A Phase Ⅰa/Ⅰb, Open-Label, Dose Escalation and Dose Expansion Study to Evaluate the Safety, Tolerability, Pharmacokinetics (PK), and Preliminary Efficacy of BC2027 in Patients With Advanced Solid Malignancies
Overview
- Phase
- Phase 1
- Status
- Recruiting
- Enrollment
- 180
- Locations
- 1
- Primary Endpoint
- Incidence of dose limiting toxicities (DLTs)
Overview
Brief Summary
This is a phase Ia/Ib, open-label, dose escalation and dose expansion study designed to evaluate the safety, tolerability, PK, and preliminary anticancer activity of BC2027 in patients with advanced solid Malignanciesr
Detailed Description
This is a phase Ia/Ib, open-label, dose escalation and dose expansion study designed to evaluate the safety, tolerability, PK, and preliminary anticancer activity of BC2027 in patients with advanced solid Malignanciesr.

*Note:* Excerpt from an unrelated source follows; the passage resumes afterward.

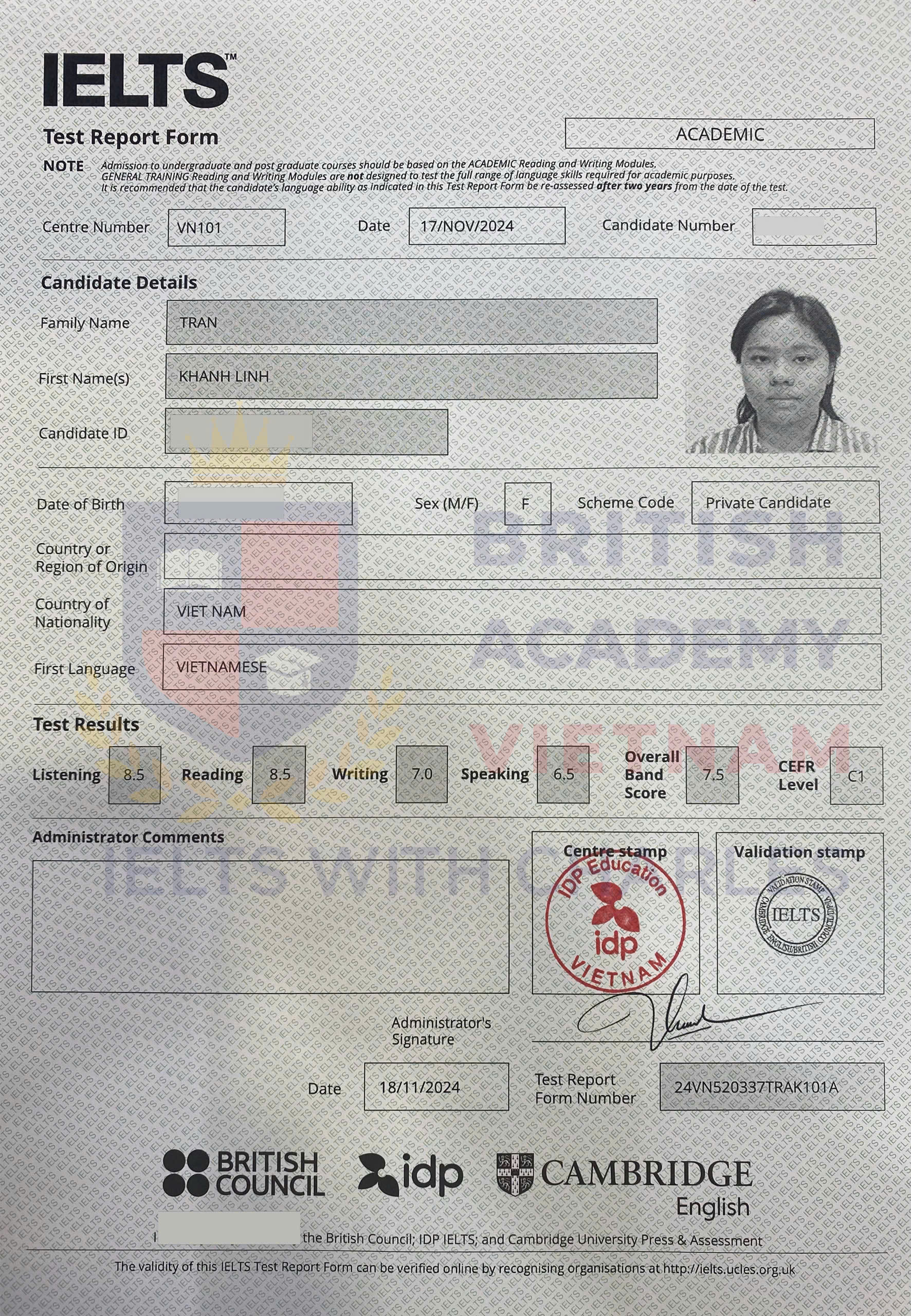 Bảng điểm đạt IELTS Academic 7.5 của Khánh Linh

This study will consist of two parts: Part 1, a dose escalation part (Phase Ia) and Part 2, a dose expansion part (Phase Ib). Both parts will include a screening period (within 28 days prior to dosing), a treatment period (Q2W(28-day cycle), Q3W(21-day cycle)), a safety follow-up period (45 days (±5 days) after last dose), and a survival follow-up period (every 12 weeks until death)
Study Design
- Study Type
- Interventional
- Allocation
- Na
- Intervention Model
- Single Group
- Primary Purpose
- Treatment
- Masking
- None
Eligibility Criteria
- Ages
- 18 Years to — (Adult, Older Adult)
- Sex
- All
- Accepts Healthy Volunteers
- No
Inclusion Criteria
- •Provide written informed consent.
- •Be at least 18 years old.
- •Have an Eastern Cooperative Group (ECOG) performance status (PS) of 0 or
- •Have a life-expectancy of at least 3 months based on the Investigator's assessment.
- •Patients with advanced solid tumors confirmed by histology or cytology, who have failed standard therapy, have no available standard therapy, or are intolerant to standard therapy.
- •Phase 1a (dose escalation, Part 1)
- •a. Have an advanced solid malignancy confirmed by histologic or cytologic examination that is known to express GPC3 including, but not limited to, HCC, NSCLC (particularly squamous cell NSCLC), sarcoma (undifferentiated), ovarian clear cell adenocarcinoma (OCCC), esophageal squamous cell carcinoma (ESCC).
- •Must provide either a previously archived tumor tissue sample or a fresh core or excisional biopsy from a site that was not irradiated. There must be at least 3-5 unstained sections. A formalin-fixed, paraffin-embedded (FFPE) tissue block is preferred to slides, and fresh biopsies are preferred over archival tissue. If archival tissue cannot be provided and a fresh biopsy cannot be obtained in Part 1, an exemption may be provided by the Sponsor.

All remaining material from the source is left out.